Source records
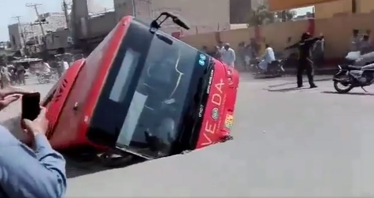 سوشل میڈیا پر ایک صارف کی جانب سے ویڈیو اپلوڈ کی گئی تھی جس میں کہنا تھا کہ لاڑکانہ شہر میں تعمیر شدہ روڈ پر نئی بس سروس کی لال بس گڑھے میں گر گئی ہے۔
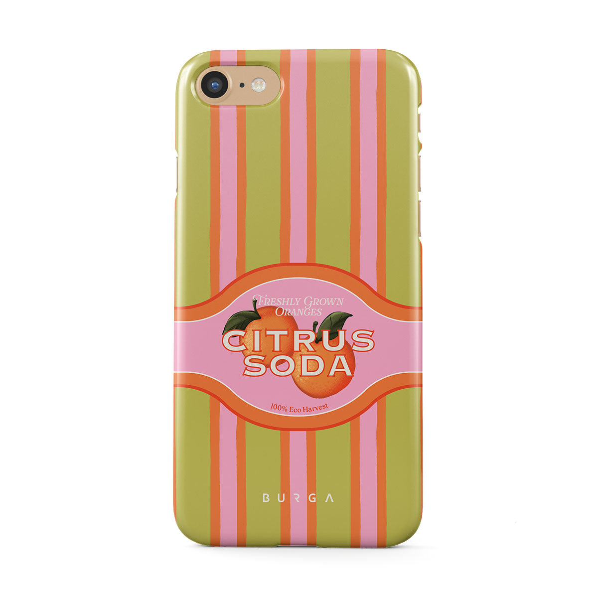 Este design contém: listras de citrinos vibrantes, texto, plantas cítricas, tangerinas, toranjas
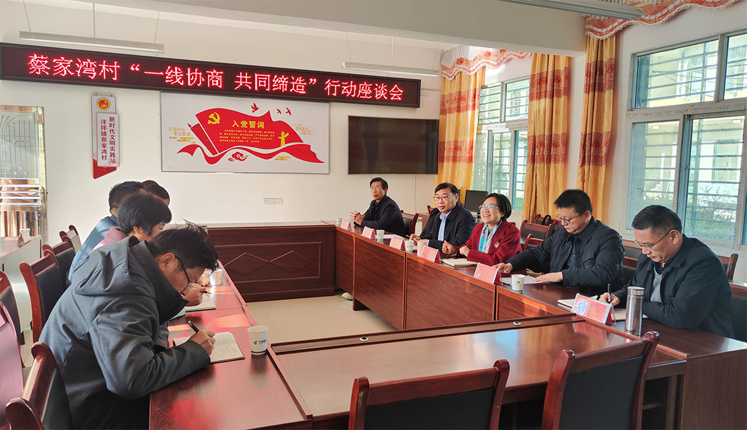 在洋坪镇蔡家湾村,王旭新带领罗方林、况庆雷等政协委员,与村干部、村民代表共绘蔡家湾乡村振兴发展蓝图。行动组一行就基础设施建设、村级产业发展等事项开展面对面交流,对蔡家湾村顺利推进油茶低改项目、修缮农田灌溉沟渠等成效表示肯定。政协委员罗方林、况庆雷、陈南平表示将共同捐赠15万元助力蔡家湾村乡村振兴建设,并为拓宽农特产品销售渠道提供力所能及的帮助。
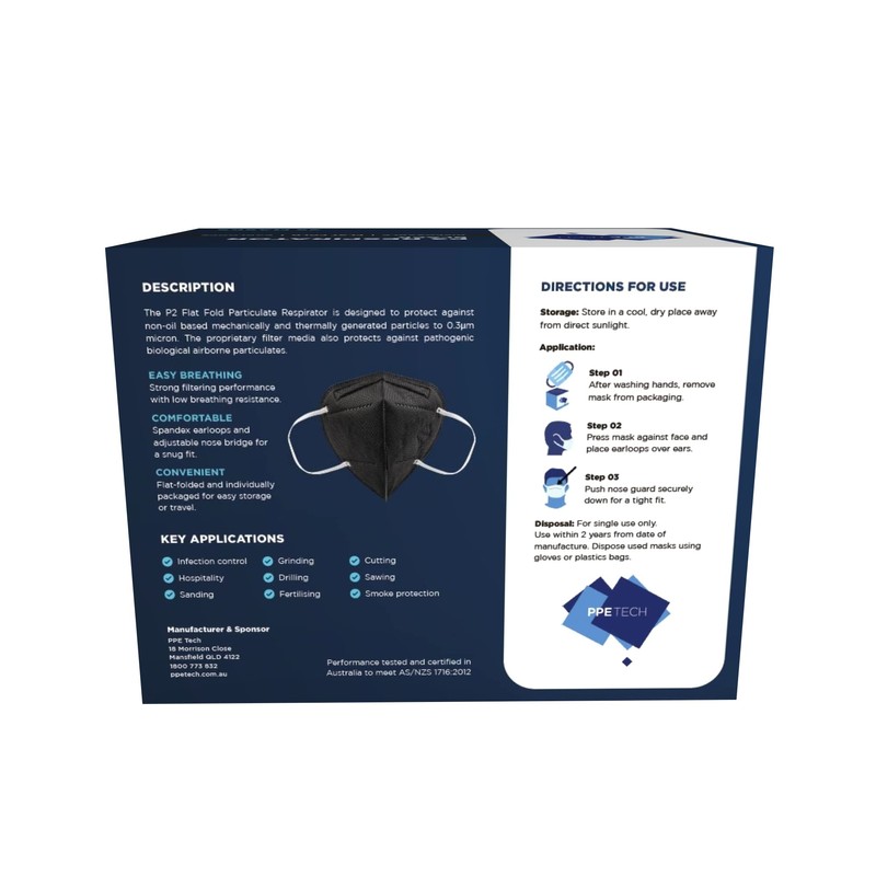 The most comfortable disposable face mask you'll ever wear! The PPE Tech P2 Face Mask is 4-layer, Australian-made mask with greater than 98% particle filtration efficiency. Extra comfy and strong earloops ensure a snug fit.
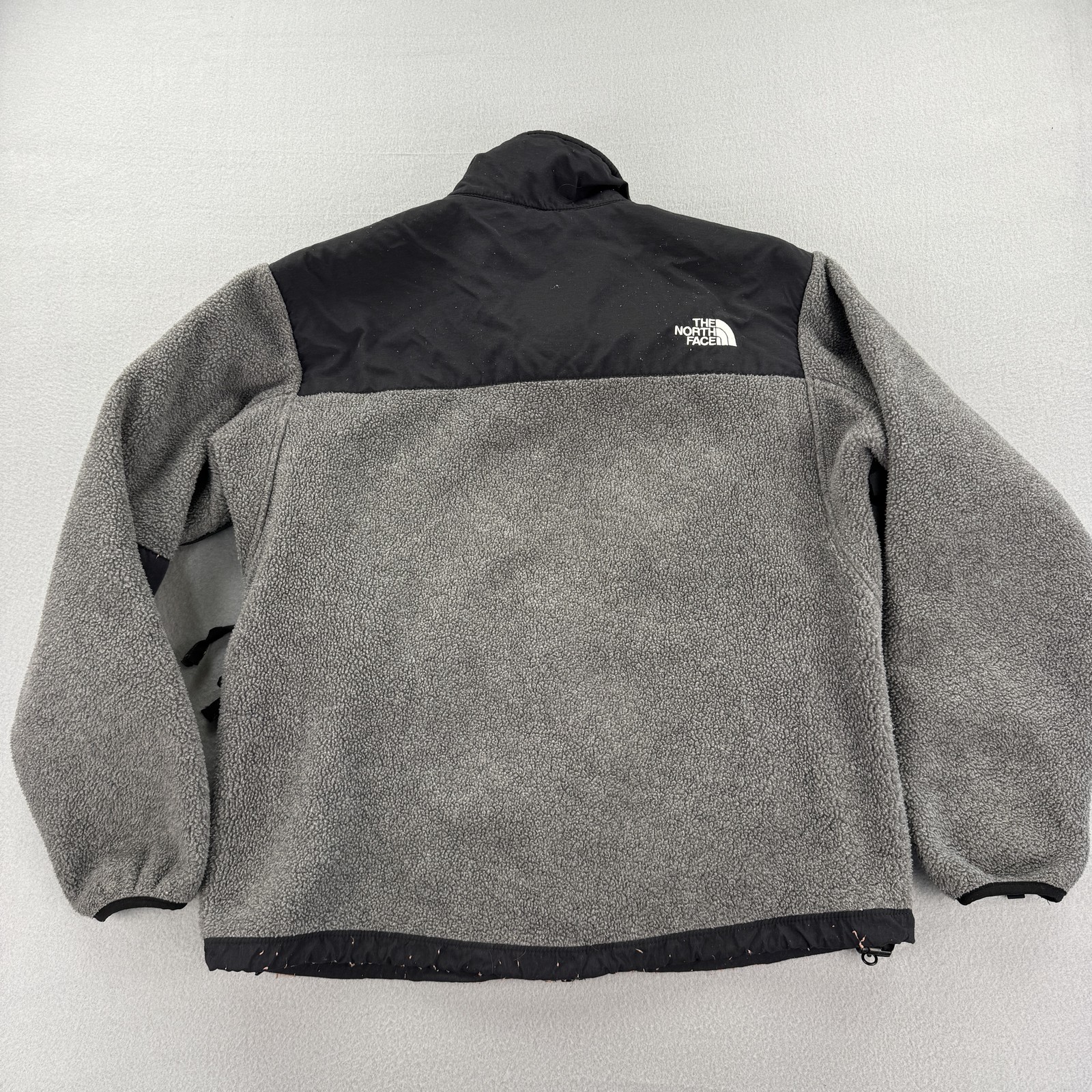 North Face Jacket Womens Medium Gray Black Fleece Softshell Full Zip Outdoors Condition: Good used condition with light wear. Minor lint and slight signs of wash wear. No major flaws or stains noted. Shell exterior A: 100% polyester. Shell exterior B: 100% nylon. Soft fleece body and arms with durable reinforced chest, shoulders, and arms. Features: Full front zipper, high collar, chest zip pocket, two hand zip pockets, adjustable hem drawcord, elastic cuffs. The North Face logo embroidered on chest and upper back. Tag size: Medium (Womens). Made in El Salvador of US materials. Classic two-tone gray and black colorway, ideal for hiking, outdoor activities, or casual wear. Material composition and inner branding shown in photos.
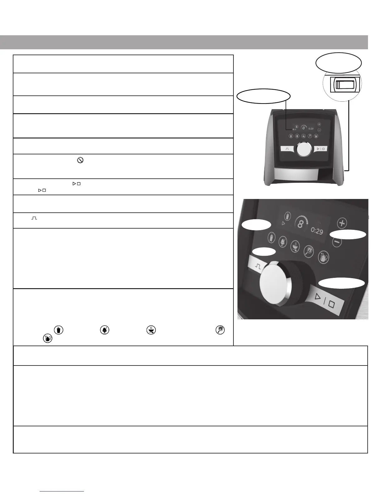 Programas: los iconos aparecen en las recetas de Vitamix. La batidora se detendrá al final del programa
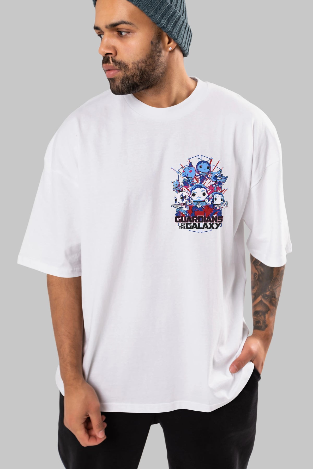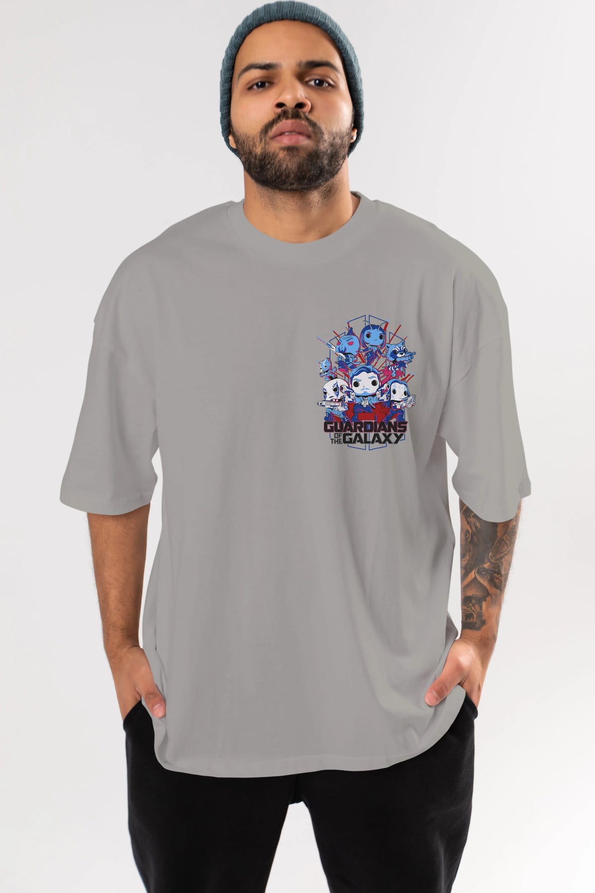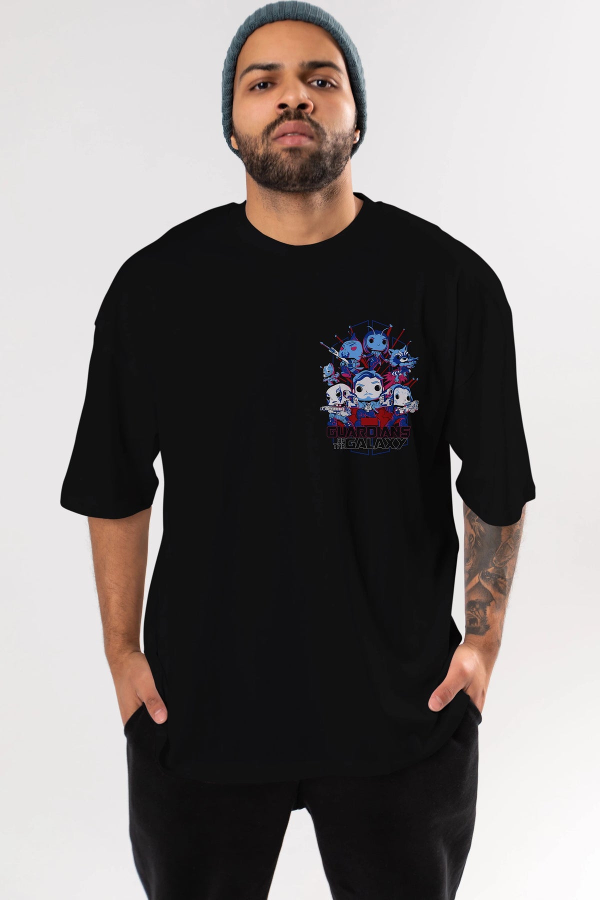 Guardians of the Galaxy Ön Sol Baskılı Oversize t-shirt Erkek Kadın Unisex %100 Pamuk Bisiklet Yaka tişort

■ Your goal: Every line above should be reproduced exactly, please, with no pictures included.

■ Exercise solution:
 سوشل میڈیا پر ایک صارف کی جانب سے ویڈیو اپلوڈ کی گئی تھی جس میں کہنا تھا کہ لاڑکانہ شہر میں تعمیر شدہ روڈ پر نئی بس سروس کی لال بس گڑھے میں گر گئی ہے۔
 Este design contém: listras de citrinos vibrantes, texto, plantas cítricas, tangerinas, toranjas
 在洋坪镇蔡家湾村,王旭新带领罗方林、况庆雷等政协委员,与村干部、村民代表共绘蔡家湾乡村振兴发展蓝图。行动组一行就基础设施建设、村级产业发展等事项开展面对面交流,对蔡家湾村顺利推进油茶低改项目、修缮农田灌溉沟渠等成效表示肯定。政协委员罗方林、况庆雷、陈南平表示将共同捐赠15万元助力蔡家湾村乡村振兴建设,并为拓宽农特产品销售渠道提供力所能及的帮助。
 The most comfortable disposable face mask you'll ever wear! The PPE Tech P2 Face Mask is 4-layer, Australian-made mask with greater than 98% particle filtration efficiency. Extra comfy and strong earloops ensure a snug fit.
 North Face Jacket Womens Medium Gray Black Fleece Softshell Full Zip Outdoors Condition: Good used condition with light wear. Minor lint and slight signs of wash wear. No major flaws or stains noted. Shell exterior A: 100% polyester. Shell exterior B: 100% nylon. Soft fleece body and arms with durable reinforced chest, shoulders, and arms. Features: Full front zipper, high collar, chest zip pocket, two hand zip pockets, adjustable hem drawcord, elastic cuffs. The North Face logo embroidered on chest and upper back. Tag size: Medium (Womens). Made in El Salvador of US materials. Classic two-tone gray and black colorway, ideal for hiking, outdoor activities, or casual wear. Material composition and inner branding shown in photos.
 Programas: los iconos aparecen en las recetas de Vitamix. La batidora se detendrá al final del programa
 Guardians of the Galaxy Ön Sol Baskılı Oversize t-shirt Erkek Kadın Unisex %100 Pamuk Bisiklet Yaka tişort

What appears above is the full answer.